After the tragic loss of her child to SIDS, a grieving mother was charged and convicted of harming her own baby. But there was one problem—she didn’t do anything wrong. This story offers a sad glimpse into the damage that can be done when a reckless prosecutor crosses paths with an incompetent defense attorney.

Cassi’s case was truly one travesty of justice stacked on top of another and another. That is until a group of lawyers, including our firm, banded together to overturn her conviction and secure her freedom, once and for all.

DISCLAIMER:

CASE RESULTS DEPEND ON A VARIETY OF FACTORS UNIQUE TO EACH CASE. CASE RESULTS DO NOT GUARANTEE OR PREDICT A SIMILAR RESULT IN ANY FUTURE CASE.


As any parent knows, sudden infant death syndrome, or SIDS, is perhaps the scariest thing imaginable. That’s because, simply put, SIDS is the unexplained death of a baby. The child goes to sleep, no different than any time before, but then never wakes up. It’s an unimaginable tragedy that about 2,000 parents experience annually.

Because SIDS has no cause and no explanation, it often gets intertwined with the legal system. And in some ways, this makes sense. A child has died, for no obvious reason, and so the thinking is that there must be some sort of foul play involved. But what about when that’s not the case? When it really is just SIDS, which while no doubt tragic, isn’t criminal. When law enforcement jumps to a wrong conclusion and then won’t change its mind no matter how much exonerating evidence emerges.

That’s what this case is about.

Our client, Cassi Black Elk, went to bed one night and woke up the next morning to her infant daughter dead in her crib. Horrified, she immediately called the police for help. But when they arrived, rather than investigating the child, they instead began investigating Cassi. In one of the most harrowing cases we’ve experienced as lawyers, Cassi was charged, convicted, sent to prison, exonerated, released from prison, re-charged, and finally set free for good.

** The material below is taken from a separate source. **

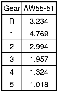 The value indicates the transmission gear ratio. The transmission control module (TCM) uses the input and output speeds to calculate the gear ratio. For the correct gear ratio, see the table below:

And the only reason it happened was because Cassi knew all along that she didn’t do anything to harm her baby. It was an accident, not a crime, and so she fought tirelessly to prove it.

Here’s how.

The Charge

In February 2022, Cassi, a mother of three, put her kids to bed. The children’s bedtime routine was no different than any other night. The next morning, however, everything changed. When she woke up and checked on the youngest, a 3-week-old infant, she found the child lifeless in her crib. Unsure what happened, Cassi called the authorities immediately.

This well-intentioned decision turned out to be the beginning of a 20-month nightmare.

When the police arrived, rather than treating the child’s death like the accident it was, they began investigating Cassi for criminality. Despite her persistent denials, and consistent story of the previous night’s events, police arrested Cassi because they believed she caused the child’s death.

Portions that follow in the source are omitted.